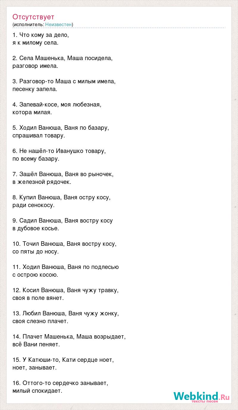 1. Что кому за дело, я к милому села. 2. Села Машенька, Маша посидела, разговор имела. 3. Разговор-то Маша́ с милым имела, песенку запела. 4. Запевай-косе, моя любезна́я, котора́ милая. 5. Ходил Ва́нюша, Ваня по базару, спрашивал товару. 6. Не нашёл-то Иванушко товару, по всему базару. 7. Зашёл Ва́нюша, Ваня во рыночек, в железно́й рядочек. 8. Купил Ва́нюша, Ваня остру косу, ради сенокосу. 9. Садил Ва́нюша, Ваня востру косу в дубовое косье. 10. Точил Ва́нюша, Ваня востру косу, со пяты до носу. 11. Ходил Ва́нюша, Ваня по подлесью с острою косою. 12. Косил Ва́нюша, Ваня чу́жу травку, сво́я в поле вянет. 13. Любил Ванюша, Ваня чу́жу жонку, сво́я слезно плачет. 14. Плачет Машенька, Маша возрыдает, всё Вани́ пеняет. 15. У Катюши-то, Кати сердце ноет, ноет, занывает. 16. Оттого-то сердечко занывает, милый спокидает.
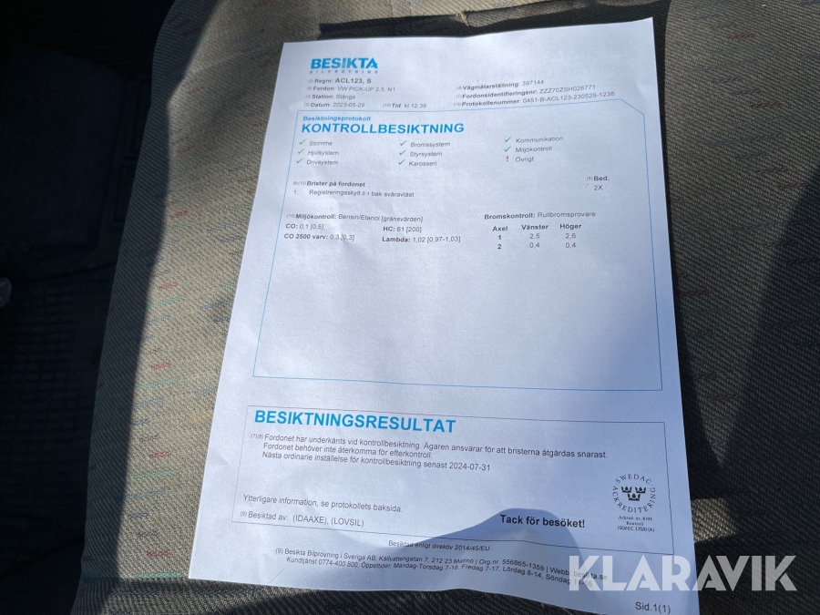 Du som köpare är skyldig att kontrollera objektet vid hämtning. Skiljer sig något avsevärt jämfört med informationen på klaravik.se? Kontakta då Klaravik innan du tar objektet från platsen. Läs fullständiga köpvillkor.
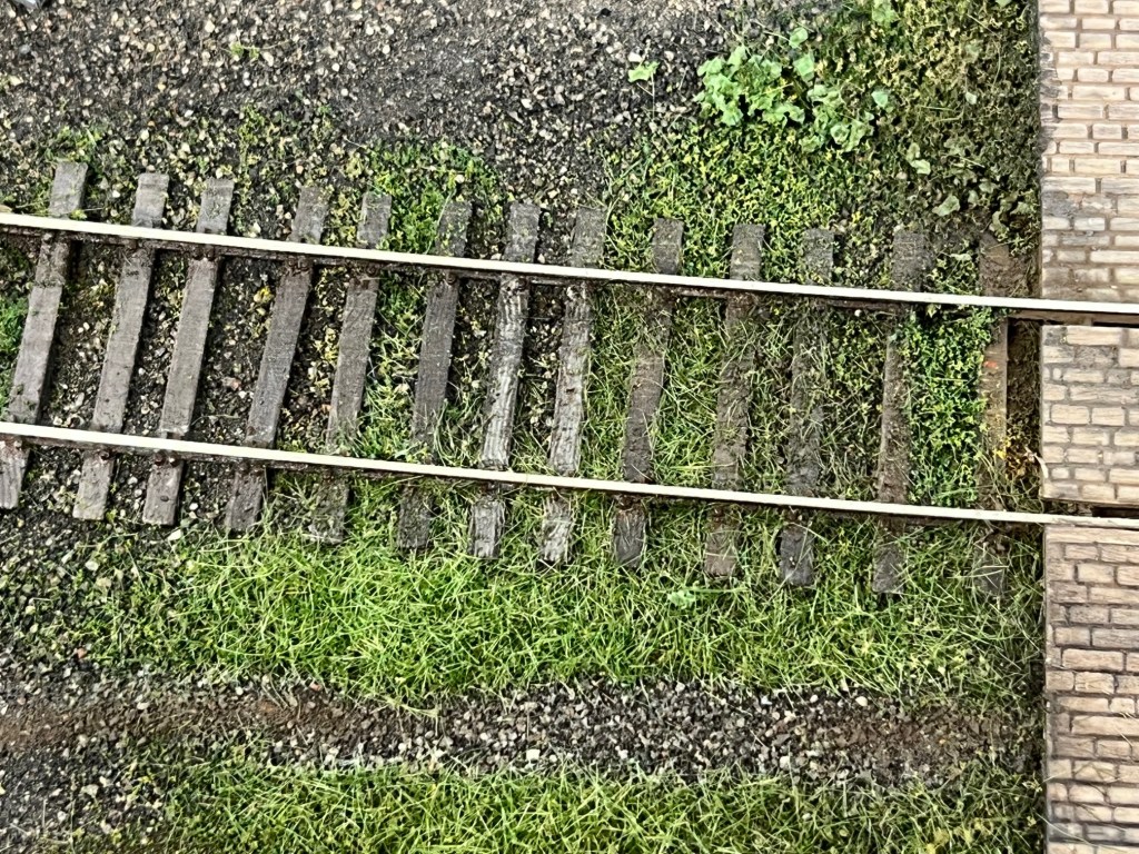 Before I put down any scenery I took a long look at the layout to determine what I wanted to accomplish. I wanted ground cover around a few, but not all of the buildings, along the roads, and in a few places around and between the rails. I wanted much of that beautiful ballast work to show through, and a lot of the tie weathering to be seen.
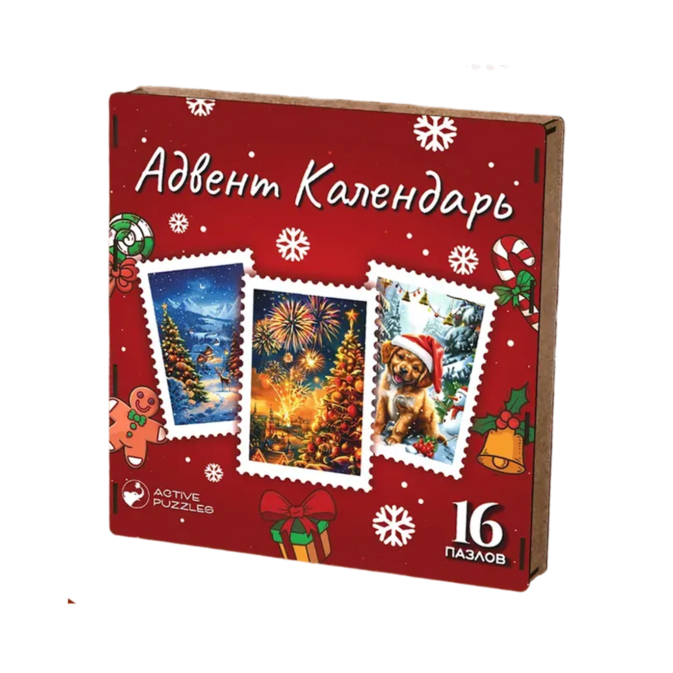 Внутри адвента — 16 деревянных мини-пазлов, похожих на новогодние ретрооткрытки. Когда соберется вся коллекция, можно использовать их как декор или преподнести в качестве праздничного сувенира близким
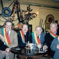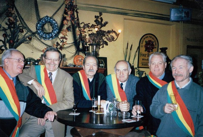 De Aaj Buujels uit Reuver, ofwel de voormalige Raad van Elf, van Vasteloavend Vereiniging de Windjbuujels. Anno 1999 telde de groep nog 8 leden. Joep Hermans, Sjra Peeters, Ger Peulen, Jeu Steeghs, Sjra Vincent, Coen Janssen en Boy Dohmen en Lex Dingelstad. Op de foto staan Sjra Peeters, Coen Janssen, Sjra Thijssen, Lam Boonen, Bèr Geerlings, Boy Dohmen. |
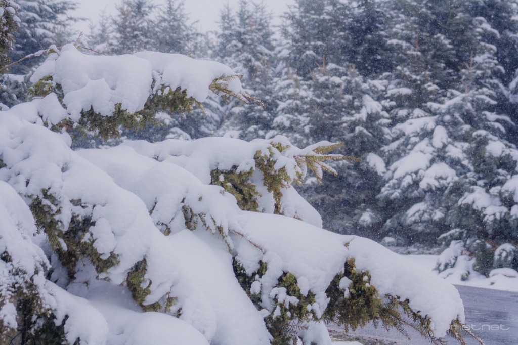 De szépen látszik, hogy a havazás előtt végig enyhe idő volt, zöldellnek a fák.
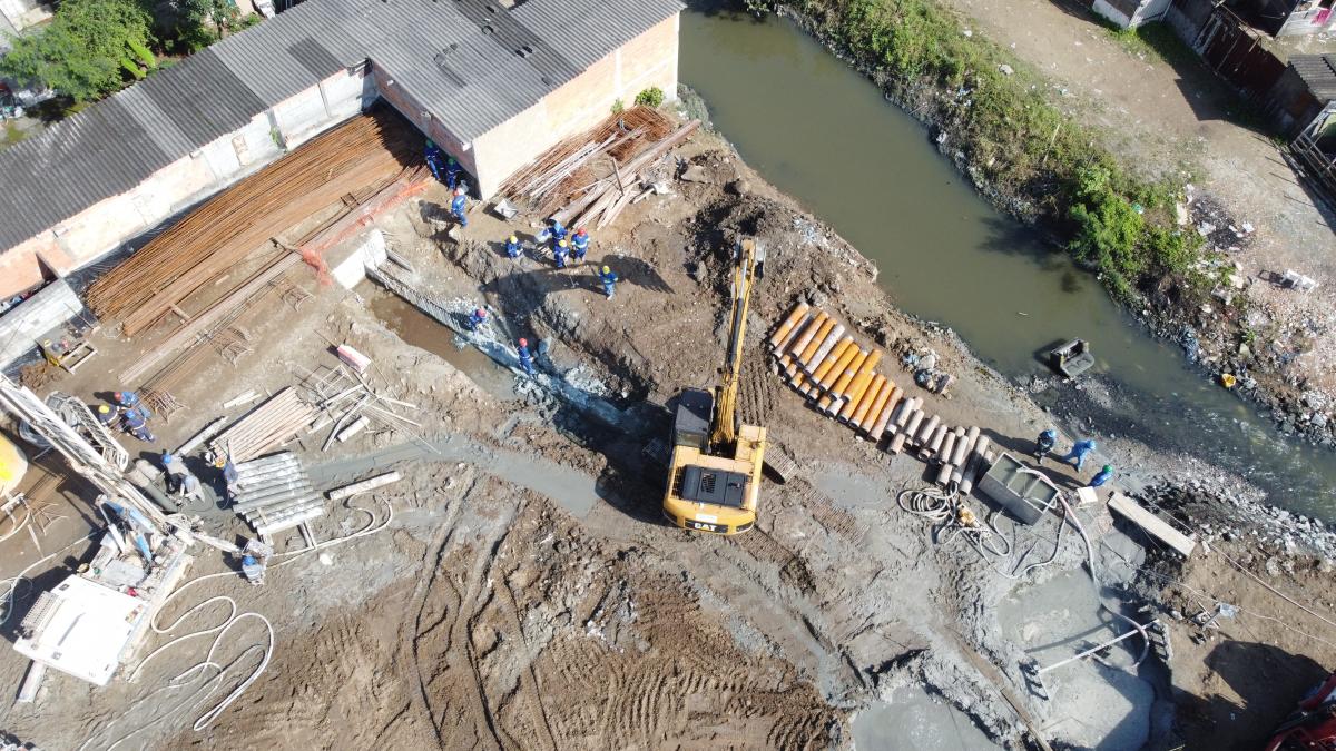 Fundação de sistema contra enchentes na Zona Noroeste, em Santos, será concluída até agosto
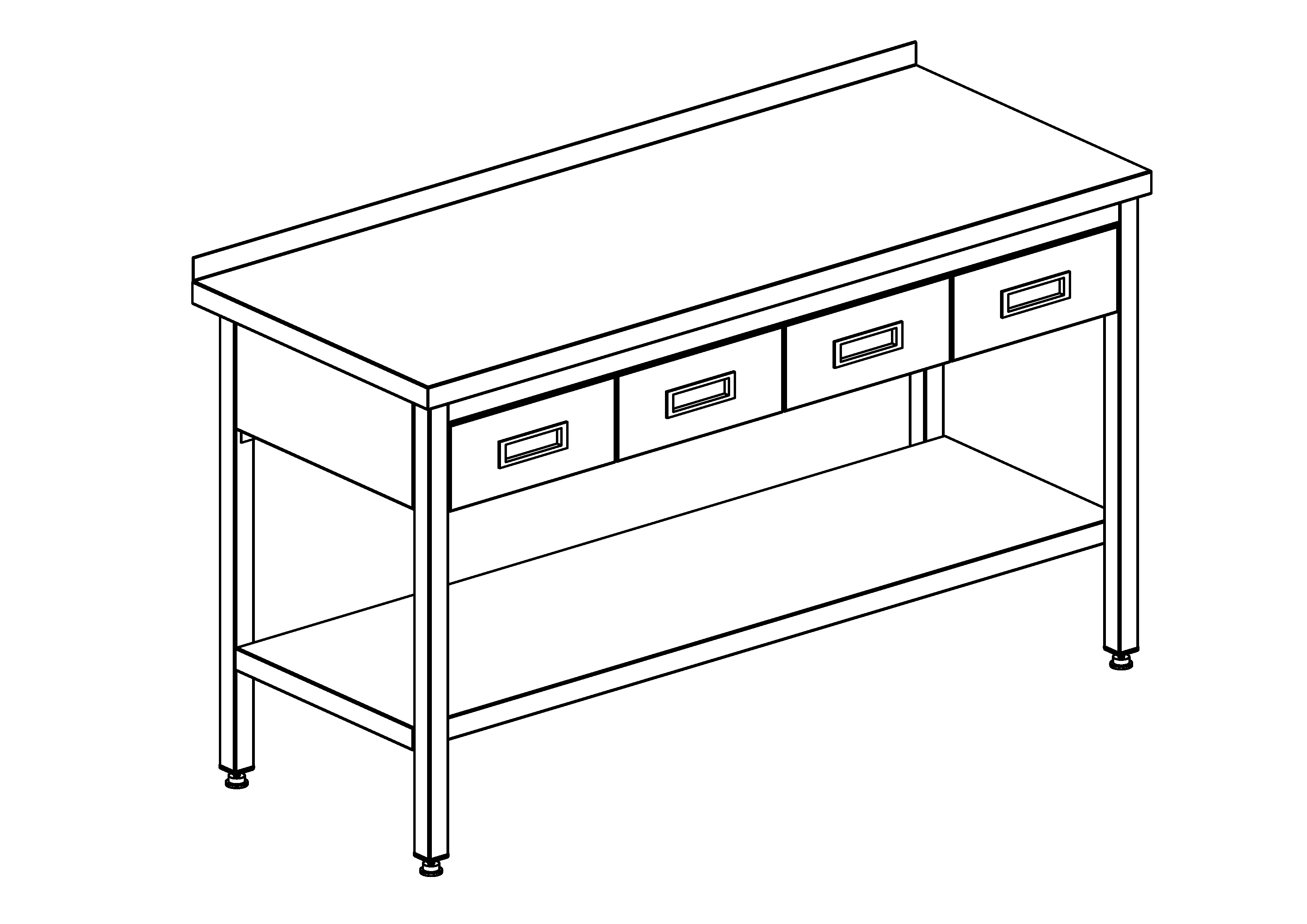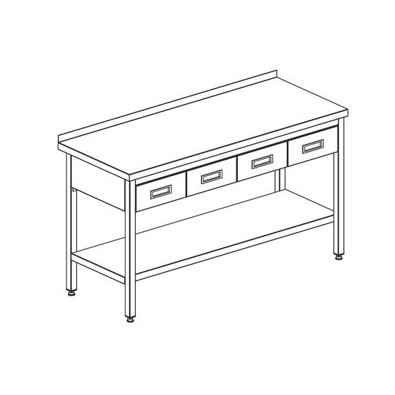 Стол с ящиками СППНЯ2 150/60, 4 ящика, борт, полка сплошная, каркас уголок, ножки труба 40х40 - нерж., 1500х600х860

▸ TASK DETAILS: Your task is to retype the lines running from the one that contains "De Aaj Buujels" through the end of the records, and nothing else. Pictures are not part of the copy.

▸ THE ANSWER:
 De Aaj Buujels uit Reuver, ofwel de voormalige Raad van Elf, van Vasteloavend Vereiniging de Windjbuujels. Anno 1999 telde de groep nog 8 leden. Joep Hermans, Sjra Peeters, Ger Peulen, Jeu Steeghs, Sjra Vincent, Coen Janssen en Boy Dohmen en Lex Dingelstad. Op de foto staan Sjra Peeters, Coen Janssen, Sjra Thijssen, Lam Boonen, Bèr Geerlings, Boy Dohmen. |
 De szépen látszik, hogy a havazás előtt végig enyhe idő volt, zöldellnek a fák.
 Fundação de sistema contra enchentes na Zona Noroeste, em Santos, será concluída até agosto
 Стол с ящиками СППНЯ2 150/60, 4 ящика, борт, полка сплошная, каркас уголок, ножки труба 40х40 - нерж., 1500х600х860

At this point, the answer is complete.